====== PROVIDED ENTRIES ======

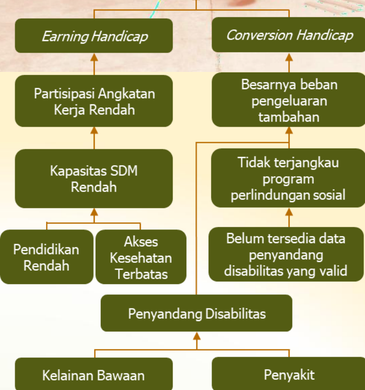
Gambar 1. Strukturisasi Masalah Kesejahteraan bagi Penyandang Disabilitas
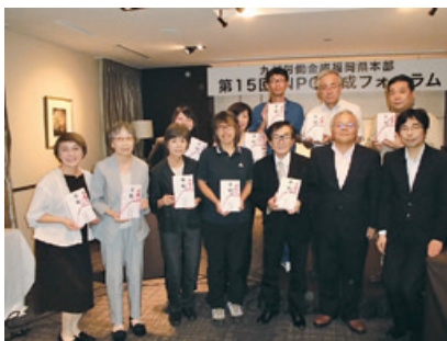
(これまでの助成団体数)

助成金は、お客さまからのボランティア預金「NPOパートナーズ」による寄付金と九州ろうきんの拠出金を財源としており、2019年3月末までに累計1,078団体へ2億34百万円を助成しました。
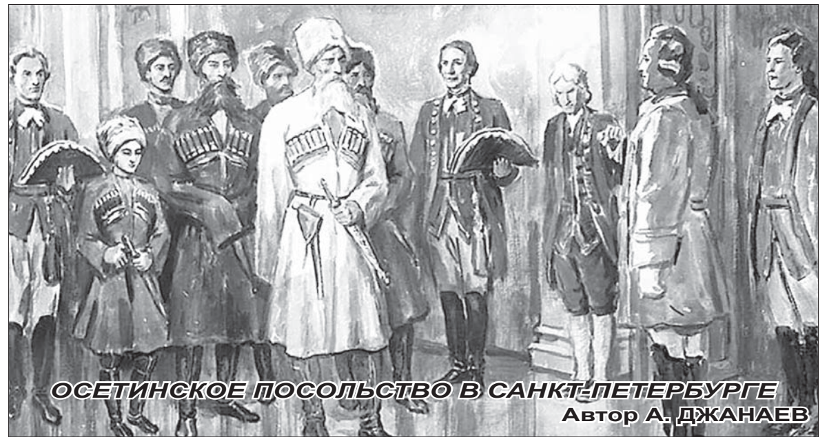
ОСЕТИНСКОЕ ПОСОЛЬСТВО В САНКТ-ПЕТЕРБУРГЕ Автор А. ДЖАНАЕВ

тербурга осетинское посольство добиралось 4 месяца, но, к сожалению, доехали не все послы.
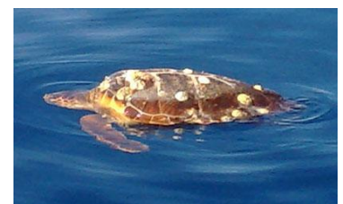
Unter SAFE müssen versehentlich mitgefangene Schildkröten wieder freigelassen werden.
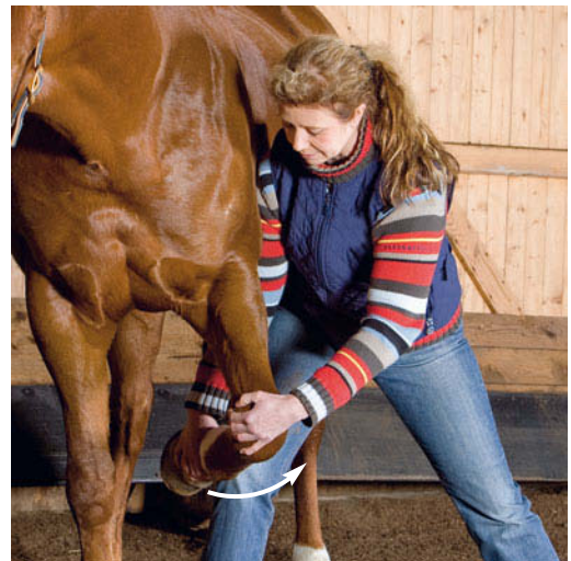
► Abb. 6.7 Untersuchung des Schulter- bzw. Buggelenks in Außenrotation und Abduktion (Öffnung).
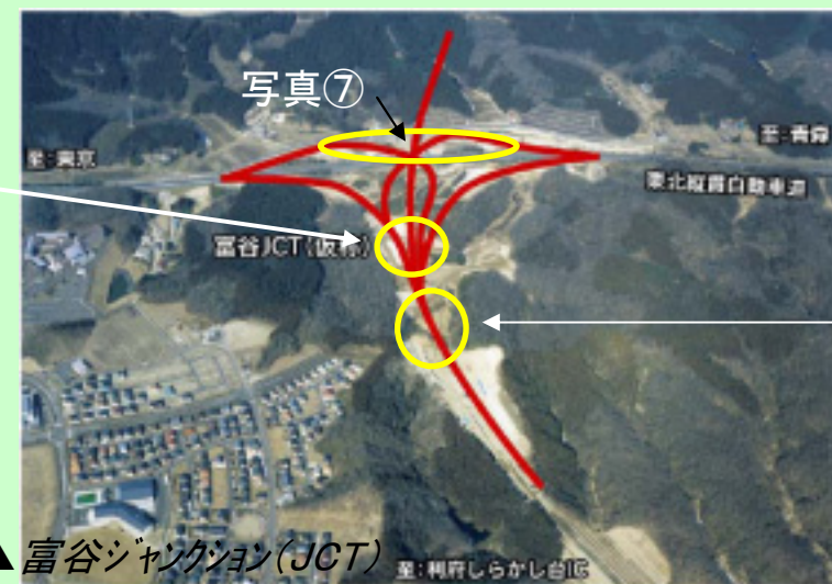
▲富谷ジャンクション(JCT)

======

PROMPT: For this exercise, transcribe the entries above exactly, without any pictures.

TASK ANSWER:
Gambar 1. Strukturisasi Masalah Kesejahteraan bagi Penyandang Disabilitas
(これまでの助成団体数)

助成金は、お客さまからのボランティア預金「NPOパートナーズ」による寄付金と九州ろうきんの拠出金を財源としており、2019年3月末までに累計1,078団体へ2億34百万円を助成しました。
ОСЕТИНСКОЕ ПОСОЛЬСТВО В САНКТ-ПЕТЕРБУРГЕ Автор А. ДЖАНАЕВ

тербурга осетинское посольство добиралось 4 месяца, но, к сожалению, доехали не все послы.
Unter SAFE müssen versehentlich mitgefangene Schildkröten wieder freigelassen werden.
► Abb. 6.7 Untersuchung des Schulter- bzw. Buggelenks in Außenrotation und Abduktion (Öffnung).
▲富谷ジャンクション(JCT)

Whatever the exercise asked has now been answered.